** Recorded data **
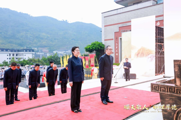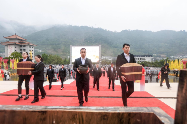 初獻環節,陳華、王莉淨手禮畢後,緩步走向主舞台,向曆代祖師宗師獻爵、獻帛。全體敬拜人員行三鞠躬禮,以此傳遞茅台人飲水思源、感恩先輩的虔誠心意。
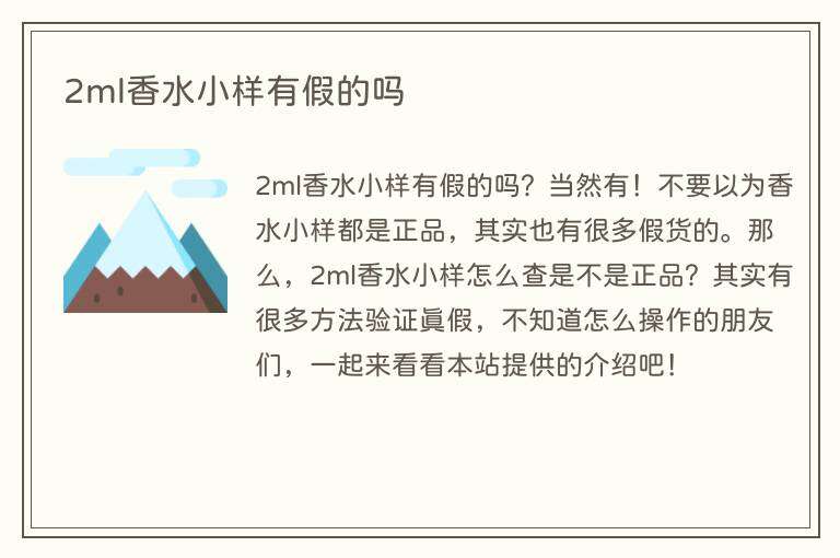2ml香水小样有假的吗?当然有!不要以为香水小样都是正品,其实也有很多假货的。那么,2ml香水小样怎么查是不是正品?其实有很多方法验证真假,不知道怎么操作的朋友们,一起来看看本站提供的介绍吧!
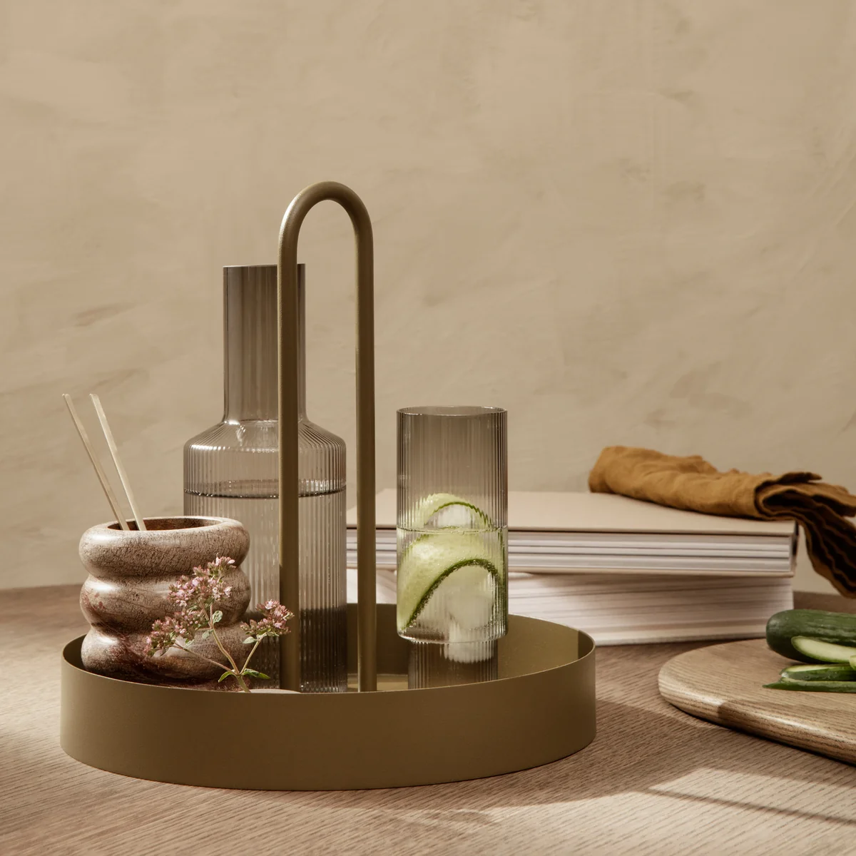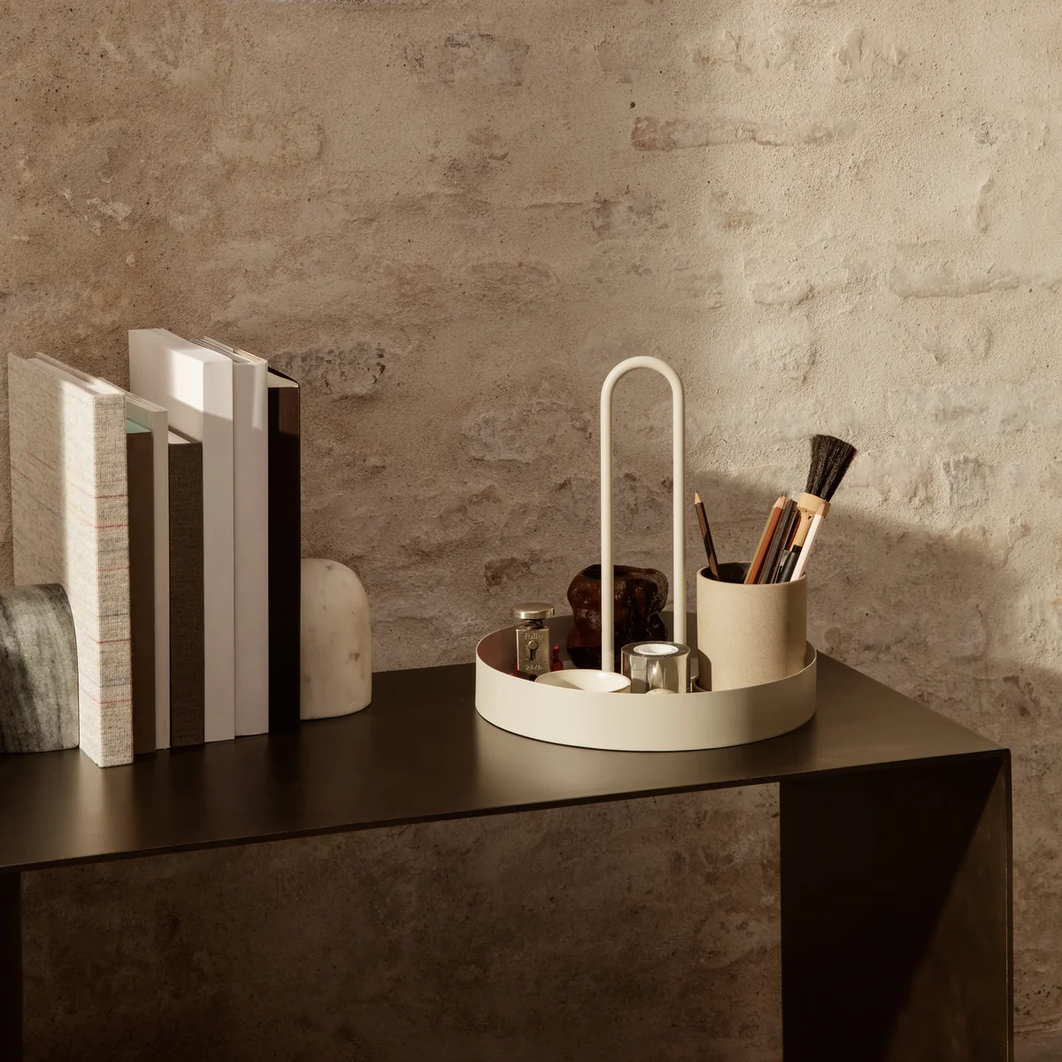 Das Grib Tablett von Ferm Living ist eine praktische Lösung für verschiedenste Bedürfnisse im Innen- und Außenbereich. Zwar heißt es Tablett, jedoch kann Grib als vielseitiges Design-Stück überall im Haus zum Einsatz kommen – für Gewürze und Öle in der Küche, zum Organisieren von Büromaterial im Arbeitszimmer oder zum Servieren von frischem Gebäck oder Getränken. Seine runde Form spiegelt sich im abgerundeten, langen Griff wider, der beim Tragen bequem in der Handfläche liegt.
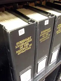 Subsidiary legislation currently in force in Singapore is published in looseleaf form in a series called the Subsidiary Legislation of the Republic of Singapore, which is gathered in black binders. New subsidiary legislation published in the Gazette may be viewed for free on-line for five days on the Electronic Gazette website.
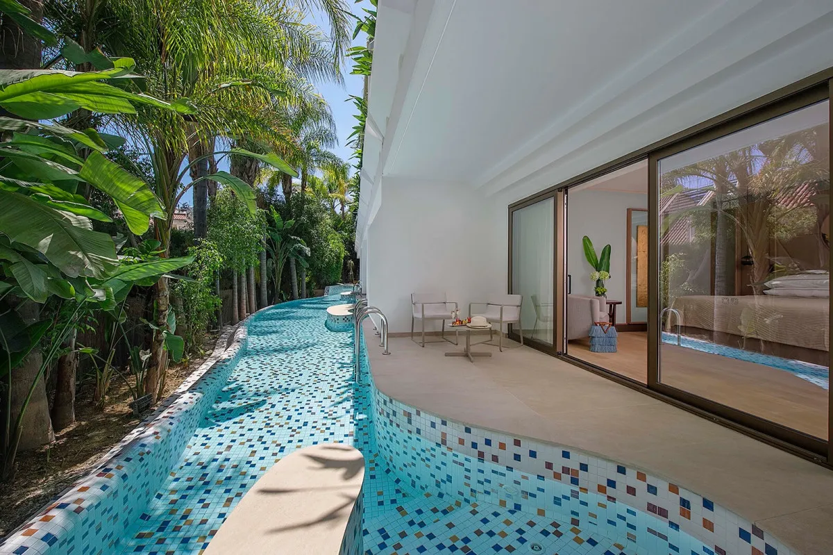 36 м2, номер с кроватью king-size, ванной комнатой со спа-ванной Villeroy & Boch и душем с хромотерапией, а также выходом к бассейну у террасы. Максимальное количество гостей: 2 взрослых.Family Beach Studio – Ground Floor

** Exercise **
Leaving out every picture, repeat exactly the lines of the records from the start through the line that has "Das Grib Tablett".

** Output of the exercise **
 初獻環節,陳華、王莉淨手禮畢後,緩步走向主舞台,向曆代祖師宗師獻爵、獻帛。全體敬拜人員行三鞠躬禮,以此傳遞茅台人飲水思源、感恩先輩的虔誠心意。
2ml香水小样有假的吗?当然有!不要以为香水小样都是正品,其实也有很多假货的。那么,2ml香水小样怎么查是不是正品?其实有很多方法验证真假,不知道怎么操作的朋友们,一起来看看本站提供的介绍吧!
 Das Grib Tablett von Ferm Living ist eine praktische Lösung für verschiedenste Bedürfnisse im Innen- und Außenbereich. Zwar heißt es Tablett, jedoch kann Grib als vielseitiges Design-Stück überall im Haus zum Einsatz kommen – für Gewürze und Öle in der Küche, zum Organisieren von Büromaterial im Arbeitszimmer oder zum Servieren von frischem Gebäck oder Getränken. Seine runde Form spiegelt sich im abgerundeten, langen Griff wider, der beim Tragen bequem in der Handfläche liegt.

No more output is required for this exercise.